The Nerdiest Possible Way to Make Sourdough
Making sourdough starter with a little help from modern computer vision models.
Sourdough bread is delicious, nutritious, and annoyingly temperamental. It promises the tastiest bread, pancakes, and even donuts that you have ever tasted, but in order to reach that promised land, you have a number of obstacles to overcome, the first being the creation of a healthy Sourdough Starter.
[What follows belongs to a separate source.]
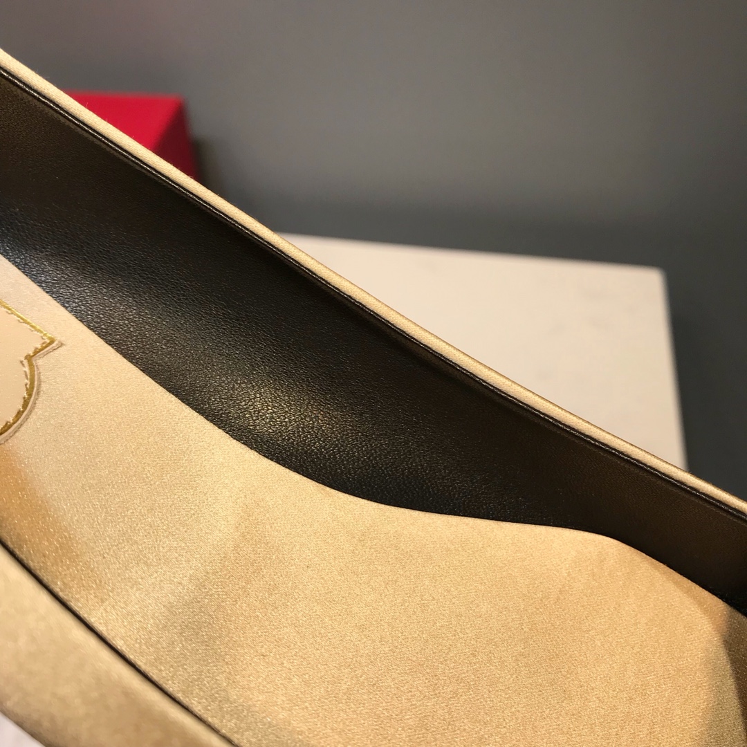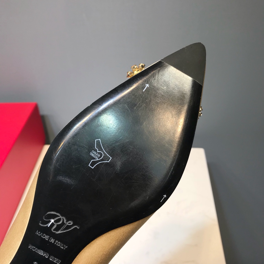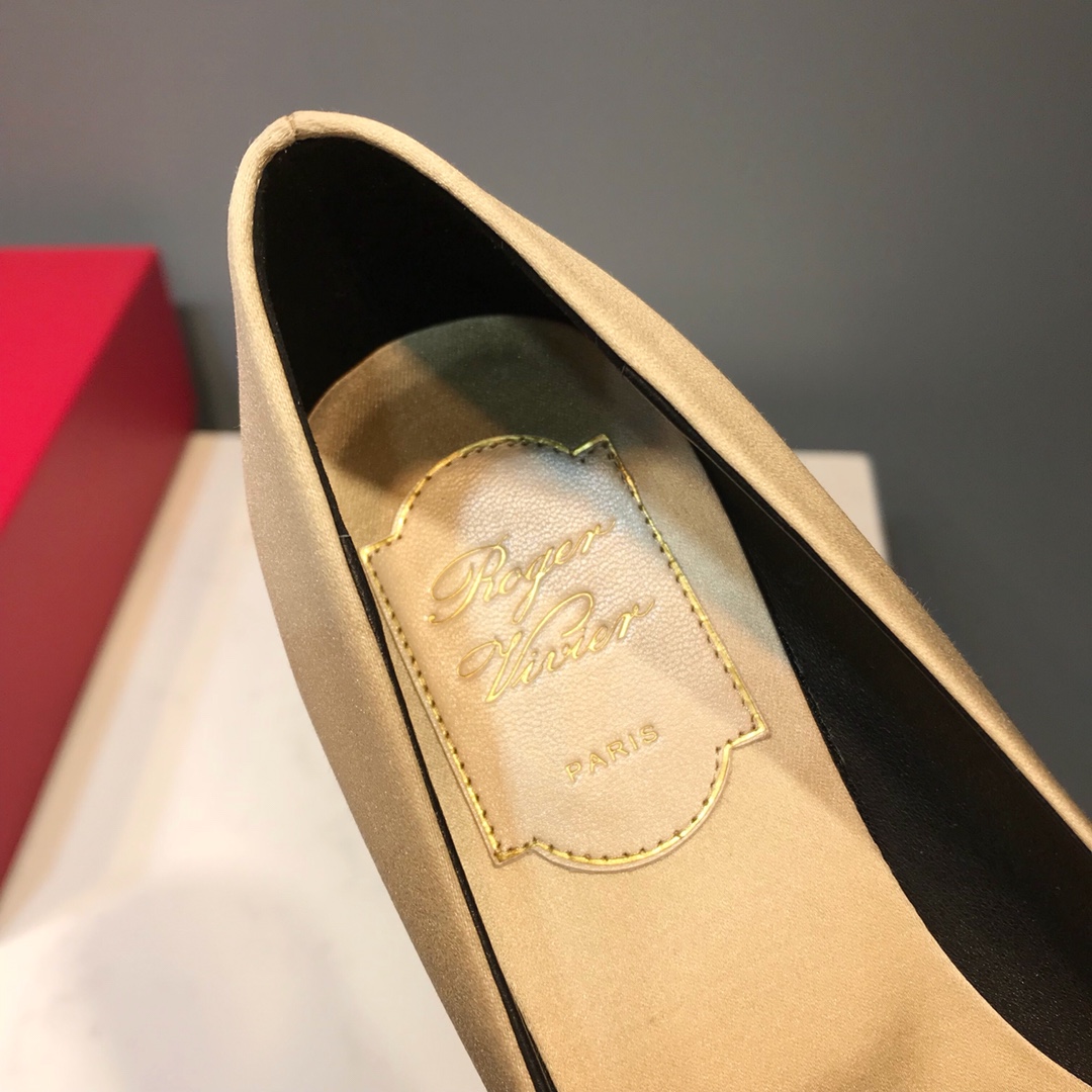这款鞋子是AAAAA 1:1 质量 (非常棒). 使用了和原版一模一样的材料. 商标部分也保持了和罗杰维维耶/Roger Vivier一样. 图片拍摄是实物鞋子拍摄, 您所收到的实物保证和我们图片一模一样.

For those who are not currently sourdough bakers, there are at least two different sourdough tutorials on YouTube. I recommend this one. The quick overview is that you add water to bread, and it grows yeast. After a few days this turns into sourdough starter. (People who like giving other people money can also buy sourdough starter). Then, you give this thing more flour and water every time it gets hungry until you are ready to make something bready. Then you put some of the sourdough starter in with the other ingredients for the bready thing, let it sit on your countertop for a few hours, and the new bready thing also gets fluffy. But this isn’t sourdough starter anymore, this is now a Bread Thing, where the difference is that it has more than just flour and water, but also you probably kneaded it at some point. And now it tastes awesome when baked. It’s probably worth noting that there is an alternative to all this for people who don’t like flavor, and that’s packaged yeast or some combination of baking powder and/or baking soda. But I like flavor, so I’m going to focus on the sourdough method.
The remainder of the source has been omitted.